Locally-run open models. Open-weight language models can be run on your own machine, which avoids sending data to external servers (relevant when working with sensitive or unpublished data). These require more setup and capable hardware, and are generally less capable than leading commercial models at time of writing.

Note that given the cloud-based R/RStudio environment used in this course, the conversational assistant approach is the most practical. Using this approach you can work in a browser tab alongside your R or RStudio session with no additional setup. The IDE-integrated approach is possible but would require downloading the input data files to your laptop. Locally-run models are beyond the scope of this exercise.

For this exercise, use whichever AI tool you are comfortable with, or take the opportunity to try one you have heard about but not used before, or simply pick one from the list below. A few commonly used options across these categories:

Tool	Type	Provider
ChatGPT	Conversational	OpenAI
Claude	Conversational	Anthropic
Gemini	Conversational	Google
Microsoft Copilot	Conversational	Microsoft
GitHub Copilot	IDE-based	Microsoft/GitHub
Cursor	IDE-based	Cursor
Claude Code	CLI-based	Anthropic
Codex	CLI-based	OpenAI
Ollama	Local models	Meta (open weight)
Qwen	Local models	Alibaba (open weight)
DeepSeek	Local models	deepseek (open weight)

Make note of both the tool and the specific model version you use (e.g. GPT-4o, Claude Sonnet 3.7, Gemini 2.0 Flash). Model versions vary significantly in capability and the field moves quickly. Record your choice in the Google form.

3. Develop initial prompt

Before starting, take a few minutes to think about what you will tell the AI. A well-constructed prompt is likely to produce more useful code than a vague one, and the differences across students will make for a rich comparison later. You do not need to craft a perfect prompt! Part of the point of this exercise is to see what happens with different approaches.

As you draft your prompt, consider what information the AI would need to produce useful, runnable code. Some dimensions to think about (without being told exactly what to include):

The goal. What kind of analysis do you want? What output would you consider a success?
The data. What does the input file look like? How is it structured? What do the rows and columns represent? You may want to paste a small excerpt so the AI can see the format directly.
The experimental design. The AI has no way to know which samples belong to which condition unless you tell it. How would you convey this?
Tool or method preference. There are several well-established R packages for differential expression analysis. Do you want to specify one, or let the AI choose? Does it matter?
Filtering and quality considerations. Raw count matrices often contain genes with very low or zero counts across samples. Do you want the AI to handle this, and if so, how?
Output and thresholds. What criteria define a “differentially expressed” gene for your purposes? What visualizations or result files would be useful?
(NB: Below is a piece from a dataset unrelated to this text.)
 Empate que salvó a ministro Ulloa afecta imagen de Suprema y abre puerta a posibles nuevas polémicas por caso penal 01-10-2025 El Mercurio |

Write your initial prompt, then record it in the Google form before sending it to the AI. You may refine it through the conversation.
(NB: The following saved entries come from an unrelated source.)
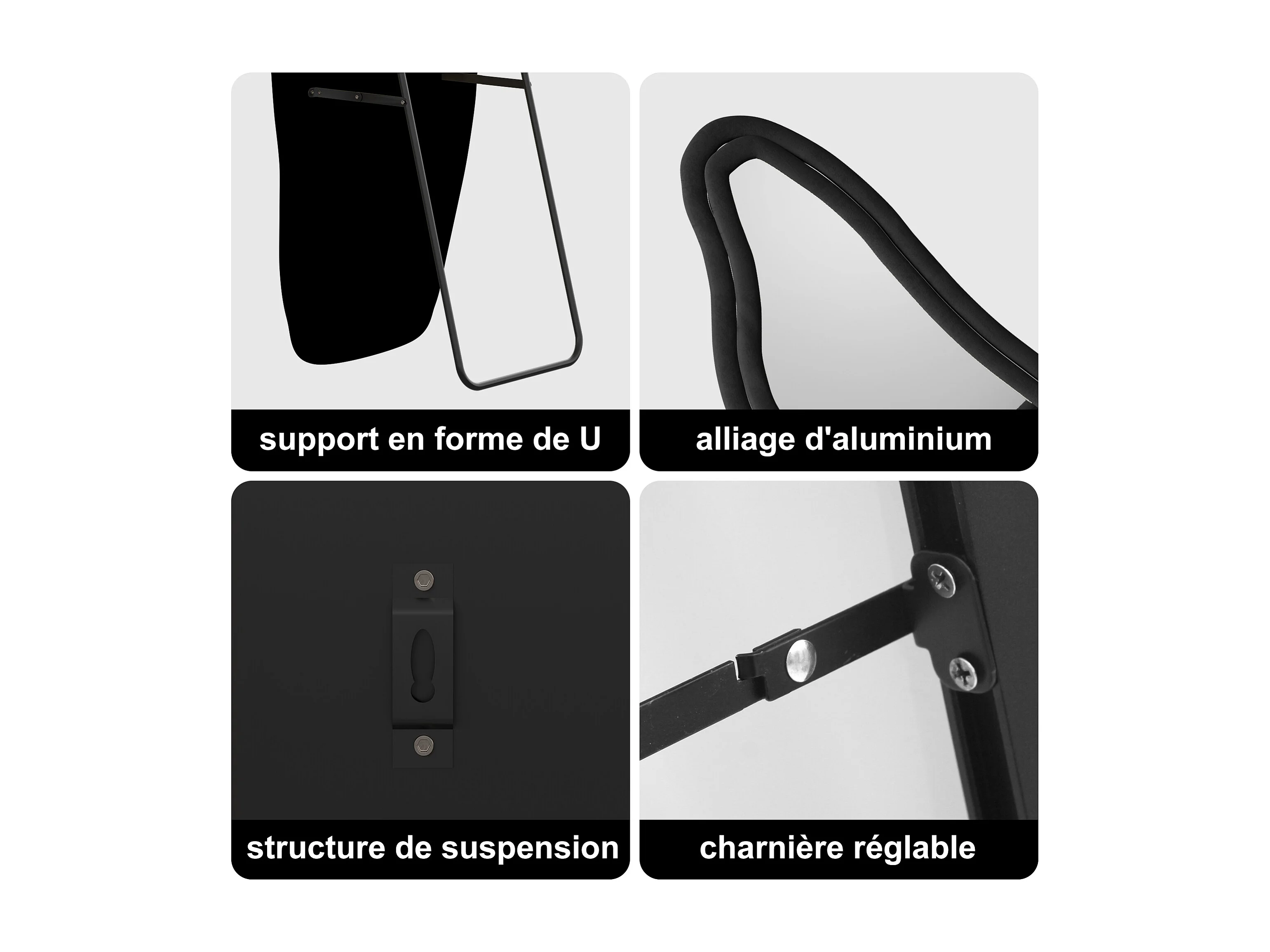 Miroir à corps complet - 160 x 50 x 3 cm - Forme incurvée irrégulière - avec cadre en flanelle - noir
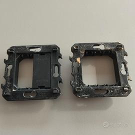 Supporto 2 Moduli per Cassetta 502E 2 Posti (2 pezzi) Placca 2 Moduli, Finitura Colore Nero (2 pezzi) Falso polo - 1 modulo Colore Nero (1 pezzo) Prezzo totale per tutti i 5 pezzi.
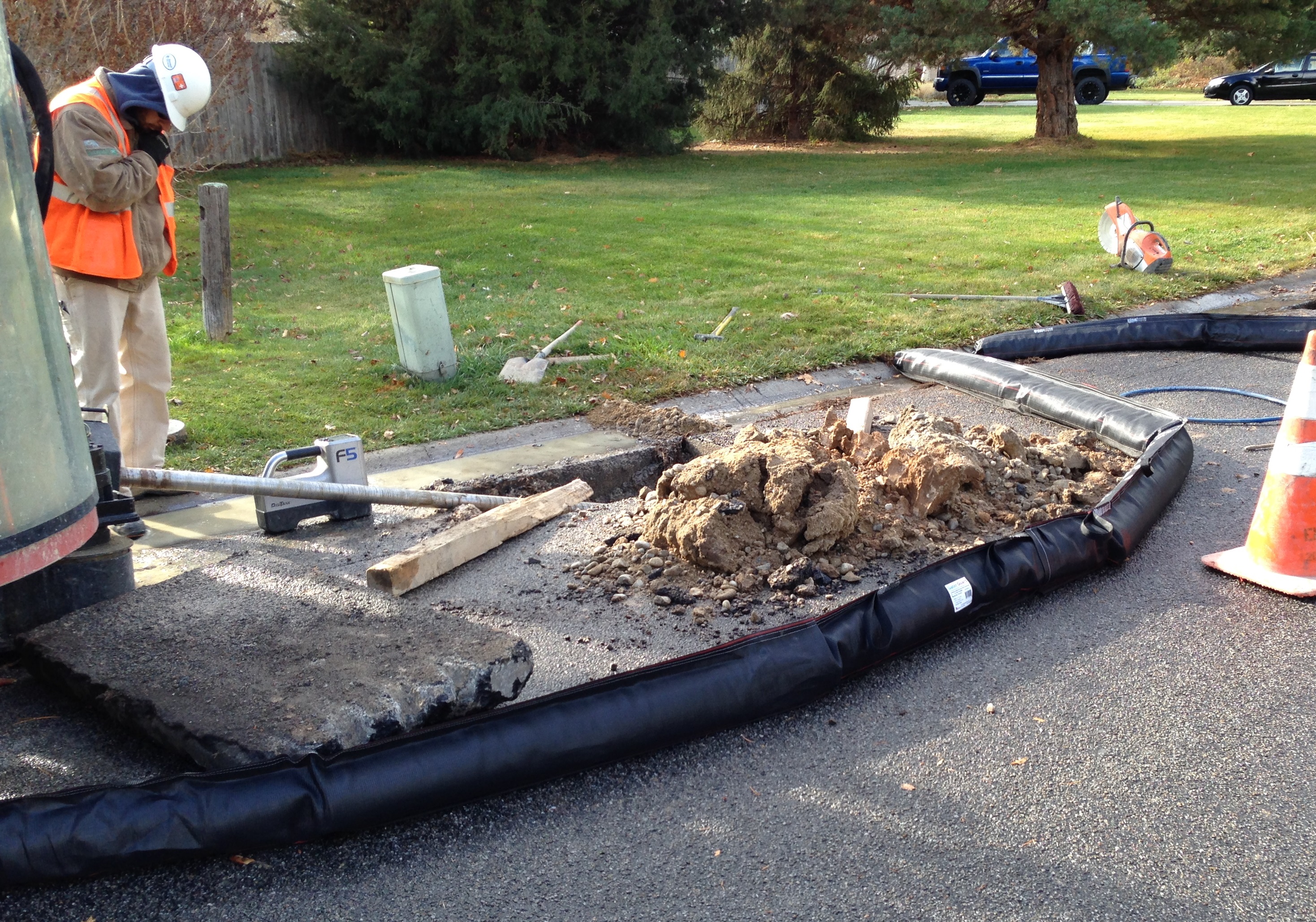 Weighted Gutter Wattles are placed diagonally across the gutter upstream from storm drains to form a small settling pond, allowing the clean-ish water to pass and sediment to drop out.

4. Complete the differential expression analysis

Enter your prompt into the AI tool of your choice and examine the response carefully before running anything. Consider:

Does the response make sense at a high level? Does the AI seem to have understood your goal?
What assumptions did it make: about the data format, the experimental design, the choice of method, filtering strategy, or significance thresholds? Are those assumptions correct?
Are there obvious errors or things that seem off?
Do you feel the initial response is complete enough to run, or do you want to refine it with follow-up prompts before proceeding?

Iterate with the AI as needed. When you are satisfied, copy the code into your cloud R environment and execute it line by line. At each step, inspect the output and try to understand what the code is doing before moving on. If something fails or produces unexpected results, you may go back to the AI to debug.

Record your answers to the above questions, along with any significant follow-up prompts, in the Google form.

5. Evaluate the outcome

Before wrapping up, make sure your analysis produces results that address the following. These are the questions you will answer in the Google form and the basis for class discussion:

Top DE genes. What are the top differentially expressed genes in each direction (upregulated and downregulated)? Report gene names, fold changes, and adjusted p-values.
Summary statistics. How many genes were tested? How many pass your significance threshold (both in total and broken down by direction)?
Volcano plot. Produce a volcano plot with the top genes labeled. Make sure it is clean enough to share — axis labels, a title, and clear highlighting of significant genes.

Record your answers in the Google form and save your volcano plot image to your results directory. Be prepared to share it for class discussion. The variation across students in both results and plot appearance will be part of what we examine together.

6. Further reading and exploration

The following resources are starting points for deepening your understanding of the concepts touched on in this exercise. This is a fast-moving area. Treat these as entry points rather than definitive answers.

Comparing and choosing AI tools * The LMSYS Chatbot Arena leaderboard provides crowd-sourced, head-to-head comparisons of language models across a wide range of tasks and is one of the most widely cited independent benchmarks for conversational AI. * Most major providers publish their own model capability summaries and release notes. These may be worth checking when new versions are released, as capabilities can change substantially between versions.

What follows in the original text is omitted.